Friends
The Importance of Friends in Grief
The most important thing for a friend to do is to be near.
Posted January 28, 2014
In memory the links to the past are forged. Out of the sadness of death and the ache of love can come a new strength and capacity to go on.
The person we lose in death is not obliterated if we affirm life and deny despair. Memory is part of the healing process that brings together life and death as a mark of gratitude and an expression of love. Through the actions of the survivors the dead do live on.
Because we loved we feel the sorrow of death. And because love is not contained by the boundaries of our physical bodies it returns to us.
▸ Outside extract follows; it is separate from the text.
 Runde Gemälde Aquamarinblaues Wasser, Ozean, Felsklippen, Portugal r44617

Until we are ready to embrace life again, as healing takes its erratic and eccentric course, all we can ask is for others to be near. As Alfred Lord Tennyson wrote, "Be near me when my light is low/ when the blood creeps, and the nerves prick/ and tingle, and the heart is sick,/ and all the wheels of being slow."
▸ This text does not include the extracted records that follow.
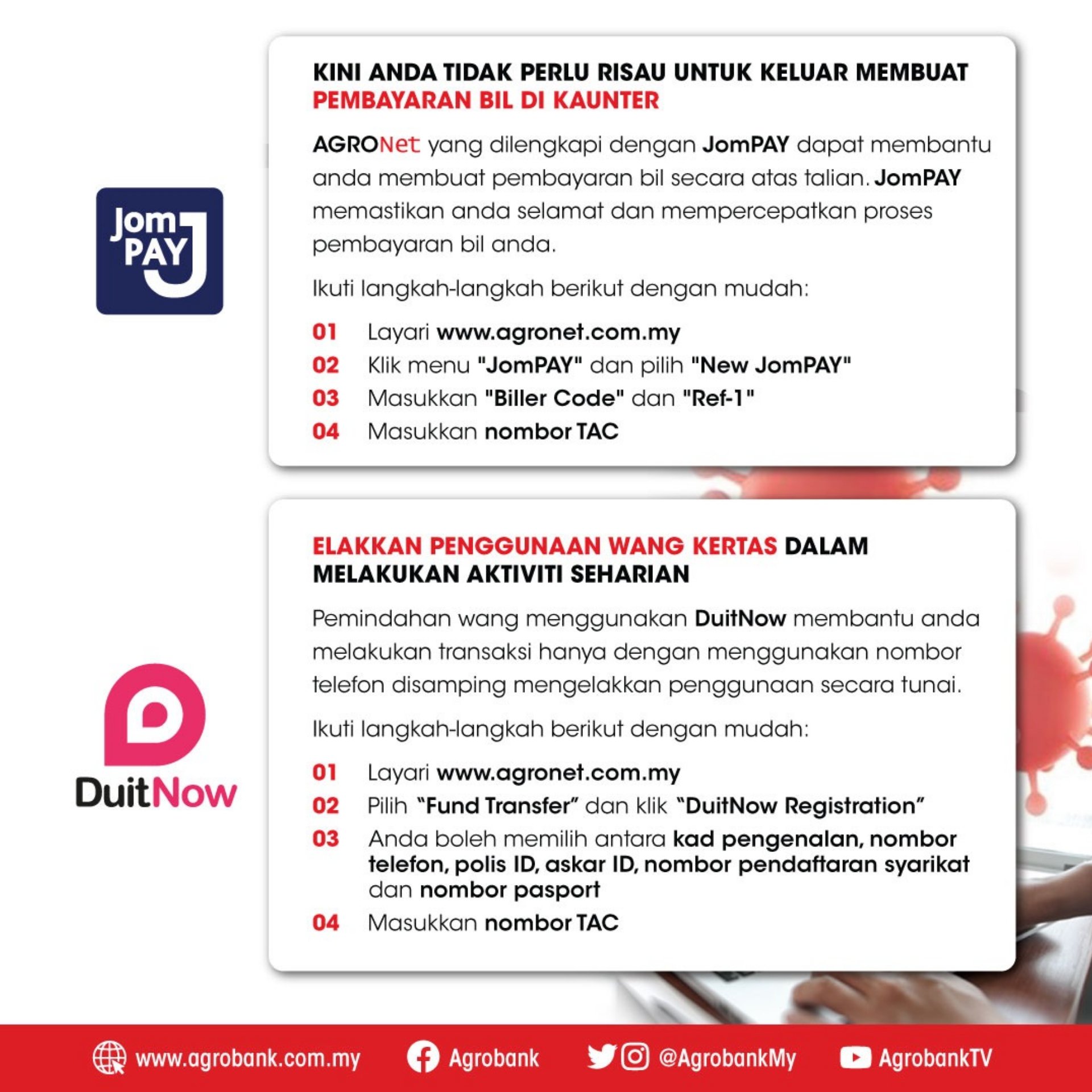Agrobank On Twitter Nak Membeli Barang Keperluan Nak Bayar Bil Bil Uitiliti Jom Gunakan Jompay Dan Duitnow Melalui Perbankan Internet Agronet Dan Agronetbiz Sekarang Kita Mampu Memutuskan Rantaian Jangkitan Covid 19 Untuk Maklumat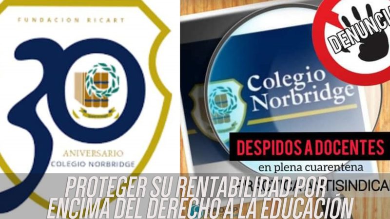 03/06/2020 | Docentes de los colegios de la Fundación Ricart se reunieron para tratar el despido de colegas en Norbrigde College. Alrededor de veinte personas no cobrarán sus haberes desde el 1° de junio. Esto ocurre en un establecimiento donde los padres padres pagan un promedio de $30.000 de cuota mensual. "Hay desprecio por la educación" indicaron desde el gremio SADOP.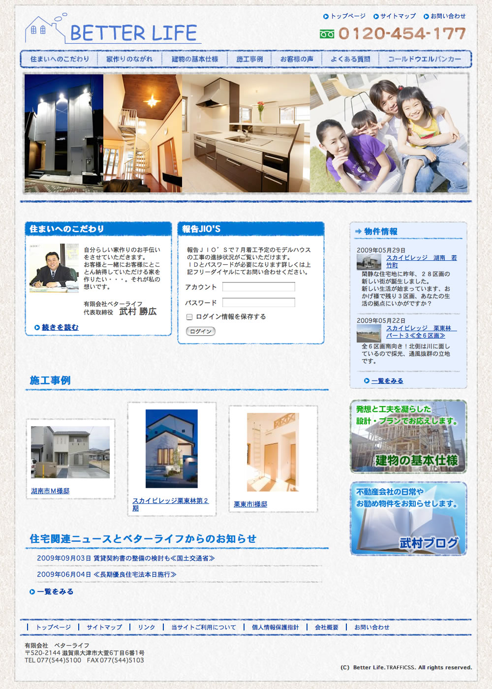 ![]() 画像を拡大する | ホームページ紹介ベターライフは滋賀県/大津市/草津市/栗東市/守山市/の不動産売買・不動産仲介・新築住宅の設計、施工、販売を行っています。お客様と一緒にお客様にとことん納得していただける家づくりを提供できるよう最大限努めさせていただきます。 (有)ベターライフ |
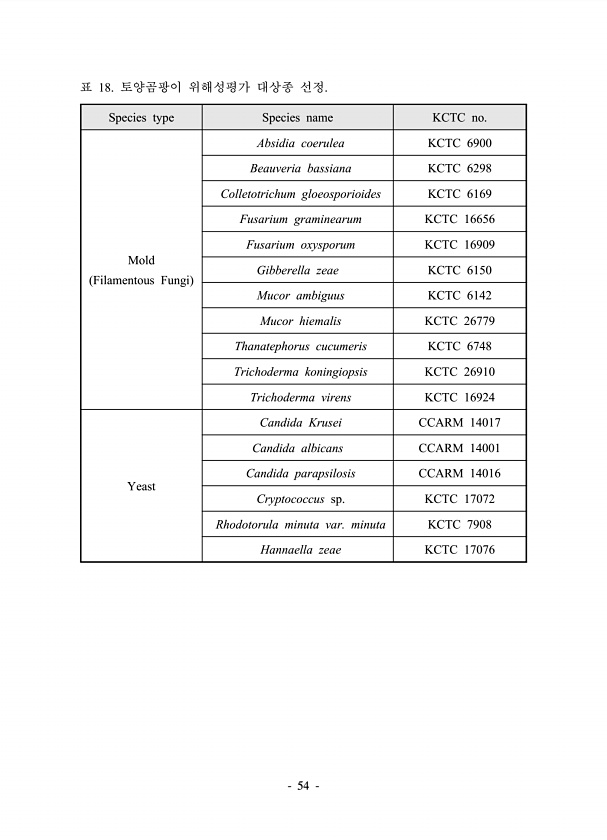 54 표 18. 토양곰팡이 위해성평가 대상종 선정. Species type Species name KCTC no. Mold Filamentous Fungi Absidia coerulea KCTC 6900 Beauveria bassiana KCTC 6298 Colletotrichum gloeosporioides KCTC 6169 Fusarium graminearum KCTC 16656 Fusarium oxysporum KCTC 16909 Gibberella zeae KCTC 6150 Mucor ambiguus KCTC 6142 Mucor hiemalis KCTC 26779 Thanatephorus cucumeris KCTC 6748 Trichoderma koningiopsis KCTC 26910 Trichod...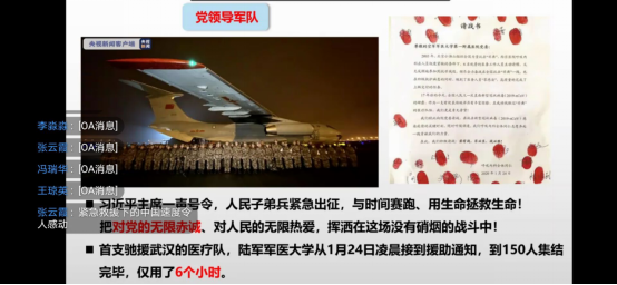 疫情期間廣大共產(chǎn)黨人、醫(yī)務(wù)工作者等沖鋒在前,無私奉獻(xiàn),彰顯中國特色社會主義制度群防群治的治理優(yōu)勢。黨對人民軍隊絕對領(lǐng)導(dǎo)的獨特優(yōu)勢及中國助力全球抗疫,推動構(gòu)建人類命運共同體,彰顯出中國的大國擔(dān)當(dāng)和國際優(yōu)勢。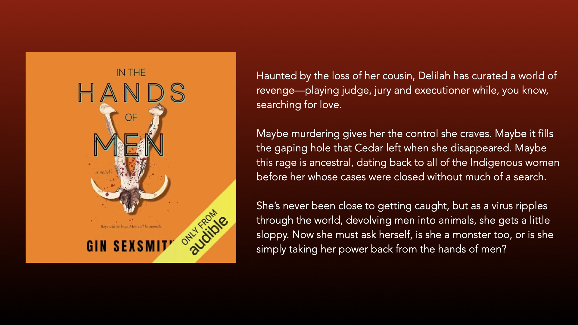 ‘In The Hands Of Men‘ was an Editor’s Choice on Audible and has received fairly positive reviews. I listened to the audible excerpt below and was intrigued. I think this is going to be one of those books that either blows me away or which leaves me feeling that it attempted more than it could deliver. Either way, I’m expecting a read that pushes my boundaries a little.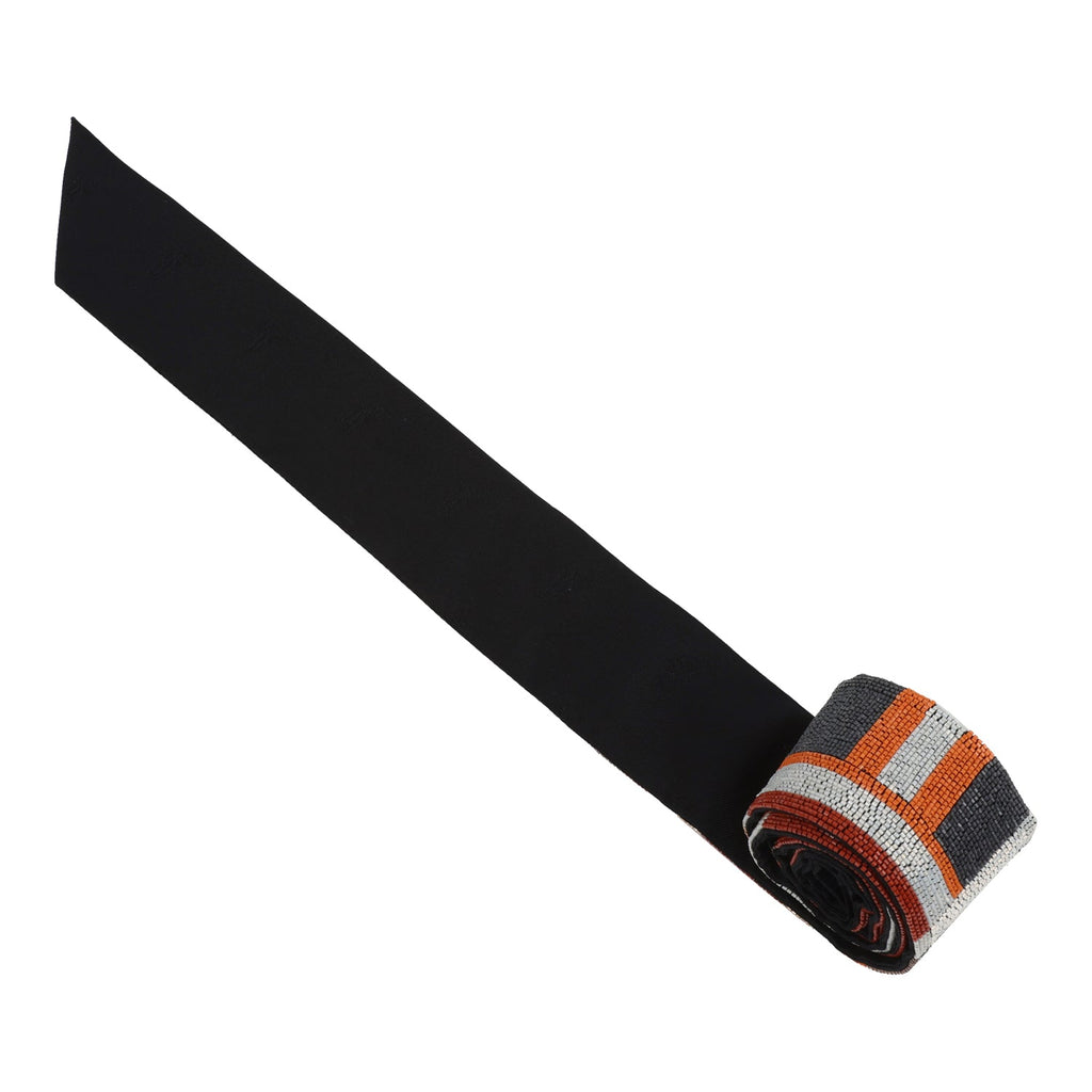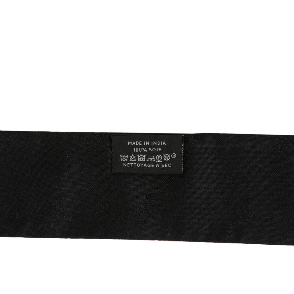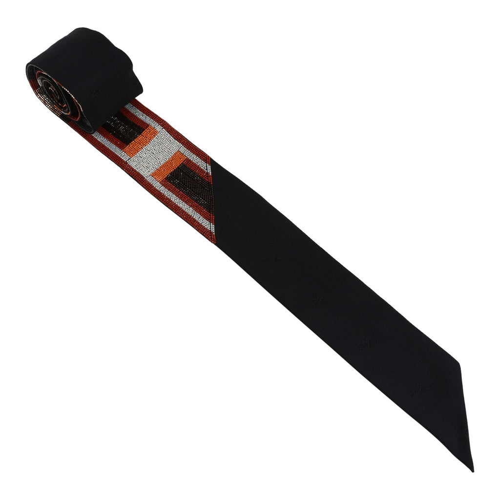 Hermes "Tresses H" Embroidered Black, Rouge H and Argent Silk Twilly

So too Archibald MacLeish has written, "Then blow on the coal of the heart,/ It's all the light now."
What we ask of friends in bereavement is warmth. We need friends when we think that all we have is ash. Friends can help us to know that it is not ashes that remain but embers that can billow into flame once more.
Friends are essential in our grief for death makes us feel alone and exposed. "Feeling vulnerable without one's lifelong companion," writes the late Ies Spetter, family therapist and Ethical Culture Leader, "easily raises doubts as to whether one can ever again be intimate with another person."
In friendship we maintain a closeness to others that shows us, without words, that loneliness can be a temporary state. Embers can become flames once more.